Febrile illnesses that pose symptoms similar to malaria are of particular concern in malaria-endemic countries. Patients who present symptoms such as fever, nausea, and headache are often suspected to have malaria before a diagnosis is even made, due predominantly to malaria's high prevalence in these regions. The tragedy lies in the fact that patients who test negative for malaria are often given antimalarial drugs and considered to have malaria despite their diagnosis(Mabey, Peeling, Ustianowski, & Perkins, 2004). The over-prescription of antimalarials fosters an environment for continued emergence of drug resistance, unnecessarily taxes healthcare systems, and most importantly, worsens the patient's condition. Clinicians in malaria-endemic countries are presented with a dilemma when a patient with symptoms similar to malaria is discovered to actually not have the disease through commonly used diagnostics such as with Rapid Diagnostic Tests (RDTs) and microscopic blood smears. On one hand, they know that their patient most likely does not have malaria based on the tests, however they do not have the diagnostic means to explore the possibility of other diseases and know missing a case of malaria is considered unforgivable. Clinicians must make an important decision at this junction based on limited information, the consequences of which could have severe effects on the patient. Some clinicians will opt to treat all cases of fever, nausea, and headache as malaria and indiscriminately prescribe anti-malarial drugs, consequently ensuring that no case of malaria goes unaddressed. The ramifications of such practice can be tremendous, as we have seen in Uganda, Tanzania, and Sudan (Mabey, Peeling, Ustianowski, & Perkins, 2004). Others must ask themselves the question, "if it's not malaria, then what is it?". Unfortunately, clinicians who fear the consequences of over-prescription and wish to consider alternative diagnoses are left with very few diagnostic options due to limited time and resources.

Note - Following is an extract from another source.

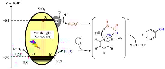The reaction mechanism for the direct hydroxylation of benzene to phenol on the Pt-WO3 was proposed (See Figure 6). This reaction is initiated by visible-light irradiation of the WO3. The photo-induced holes and electrons are generated in the VB and CB of the WO3, respectively. It was assumed that the photo-induced holes can oxidize H2O to form O2 [1], as well as activated (H2O)* intermediate species of which the O–H bond length would be increased. On the other hand, the electrons effectively transfer from CB to O2 via Pt species to form peroxide species such as H2O2, which would be further activated on the catalyst surface. The activated (H2O)* species would attack the π electrons of the aromatic benzene ring, assisting the activated (H2O2)* to dissociate the C–H bond in benzene. It was, thus, proposed that the hydroxylation of benzene occurs by a mechanism involving a push-pull process, which promotes the formation of phenol.

We at iGEM Calgary have devoted our summer towards a solution to this problem. We propose a diagnostic test capable of evaluating the presence of several diseases in parallel, thus opening the door to more routes of treatment and allowing the physician to make an informed decision with treatment. Additionally, in cases of a patient being co-infected with both malaria and different febrile illnesses - a common occurrence in malaria-endemic countries - our device will facilitate the diagnosis of all diseases instead of just one. Current malaria diagnostic methods do not offer this feature, which may lead to dangerous situations. For example, if a co-infected patient is given a malaria RDT and tests positive, the clinician may make the assumption that the patient only has malaria and remain unaware of other infections. Our device was not designed to replace existing gold standard diagnostics that are in use in these regions. Instead, our objective was to offer a comprehensive and affordable diagnostic option that tests for multiple diseases as economically as possible. We researched a wide spectrum of infectious diseases symptomatically similar to malaria and also common in malaria-endemic countries, and decided to target the following diseases:

  • Typhoid fever
  • Dengue fever
  • Meningitis
  • Pneumonia
  • Visceral leishmaniasis

This is not to say, however, that our device is limited specifically to these diseases. Our device was designed with modularity and customization in mind. By simply switching a few DNA sequences within our genetically engineered B. subtilis our device has the potential to detect virtually any pathogen present in a blood sample whose genome has been sequenced and made available in public repositories. Based on which diseases are common in certain regions of the world, we can modify our device to detect those diseases of interest before shipping it to the end-user. The true strength of our device lies its adaptability for different geographic areas and situations. Think of our device as the utility knife of diagnostics, affordable and ready for any situation.